It was a sunny summer Saturday in 1979 and four of us stumbled out of the now late-lamented Cathadamara pub on Dunlop Street into the afternoon glare. It was a favourite haunt because, even though we were 17-year-olds at the height of the Punk era, we were fans of the George McGowan Big Band which had a residency in the pub’s mock-pirate cave basement. And in the pre-ID days, we always got served.

We were usually three or four pints in when George’s set wrapped u, and the arrival of Bill Fanning’s Quintet for the afternoon slot meant it was time to go. Shielding our alcohol and darkness-widened eyes from the glare we pondered on what to do next. “What about the Drybrough Cup final?” someone suggested.

Not a bad idea, I thought, because Hampden was on the way back to King’s Park and the other guys were going to Clarkston. The only problem was it was Rangers v Celtic, the four of us were evenly split and we couldn’t agree where in the ground to go. Neither pair would agree to go into the other team’s end, going separately didn’t really figure, so the lager-fuelled logic dictated we would toss for it with the losers agreeing to go into enemy territory. The blue-noses, Neil Paton and I, lost; the consolation for me being I’d be in the right end for a shorter walk home.

Although I’d been to plenty of football matches, I’d never been to an Old Firm game. But this was a pre-season warm up so how bad could it really be, I wondered?
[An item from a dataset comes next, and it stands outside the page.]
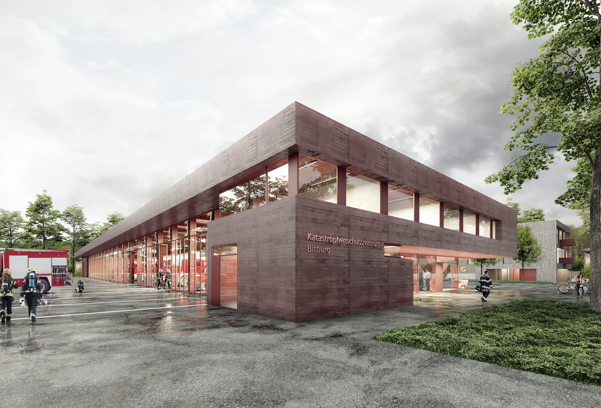 Der Neubau des Katastophenschutzzentrums in Bitburg umfasst alle wesentlichen Komponenten eines modernen Rettungszentrums. Neben der Fahrzeughalle für 24 Einsatzfahrzeuge bietet das Zentrum einen Schulungsbereich und Räumlichkeiten für städtische Einrichtungen.

Very bad, was the answer, and what followed was amongst the most uncomfortable 90 minutes I’ve spent anywhere (except perhaps for the time I tried to convince Andrew Neil we really didn’t need to relaunch the Evening News, but that’s another story). Apart from being five minutes closer to Aitkenhead Road, the only other consolation was that Rangers won; not from any sense of triumph but because it was easier to silently feign disappointment than leap about in faux-celebration if it had gone the other way.
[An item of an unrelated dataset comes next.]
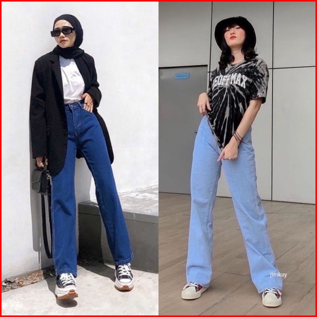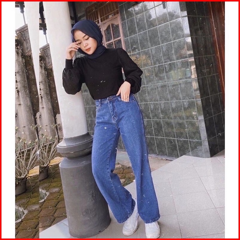 Trivela Highwaist Jeans Kulot Wanita Loose Plainloose
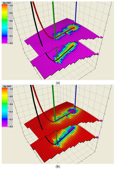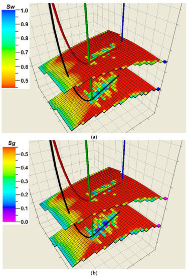 Changes in water saturation—Sw (a) and gaseous phase—Sg (b) in the fractures after 5 years from the end of CO2 injection.

Fortunately for us, our Celtic-minded pals had the sense not to think it might be funny to point out our loyalties in the sea of green and white, especially after one chap next to us promised to knife the first Proddie he saw after Davie Cooper scored his astounding keepie-uppie goal. At the Celtic end. Nor did we think it appropriate to point out that the two Celtic boys were, in fact, Proddies themselves.

We came out unscathed, but it hardly encouraged me to make a habit of attending Old Firm games. I moved away, returned years later to live in Edinburgh and so it was decades before I went to another one, this time with the privilege of a corporate invitation from the Bank of Scotland. How bad can that be, I wondered?

Once out into the seats, very bad was the answer. How the Bank’s Governor must have enjoyed being sprayed with invective-propelled saliva from the leather-jacketed, bullet-headed art critics in the row behind who saw a resemblance between Craig Bellamy and the Gothic sculptures of Notre Dame Cathedral. “F*** off, ya f*****g gargoyle,” was roughly how it went; every time he got the ball.

Now, as anyone with a pulse in Scotland knows, after a four-year break Old Firm league games are back. The biggest occasion in the Scottish domestic sporting calendar whose absence has been impossible to fill? Or a festival of bigotry which is the biggest date on the Scottish domestic violence calendar whose absence was a welcome relief? Shamefully, it’s both.

But for all the cack-handed law-making, the dark side of this fixture will never go away as long as it continues to exist. For some, that’s what makes it special, but at least it’s a reminder Scotland is not the politically-correct playground of enlightenment some would have us believe. But it also shows that civilised rivalry can exist nonetheless.

Now being a fully paid-up member of the Edinburgh middle class, the edgiest it gets is Watsonians v Heriot’s, which had a happy outcome a fortnight ago and we’re looking for the same outcome at Boroughmuir this weekend. But I sure as hell want Rangers to win too.

The three others from that Drybrough Cup day? Of the Celtic boys, Simon became a hugely successful industrialist who is sadly no longer with us while Derek is an eminent physician in Pittsburg. Blue-nose Neil will be at the game on Saturday shouting on his team … he’s now a Celtic season ticket holder.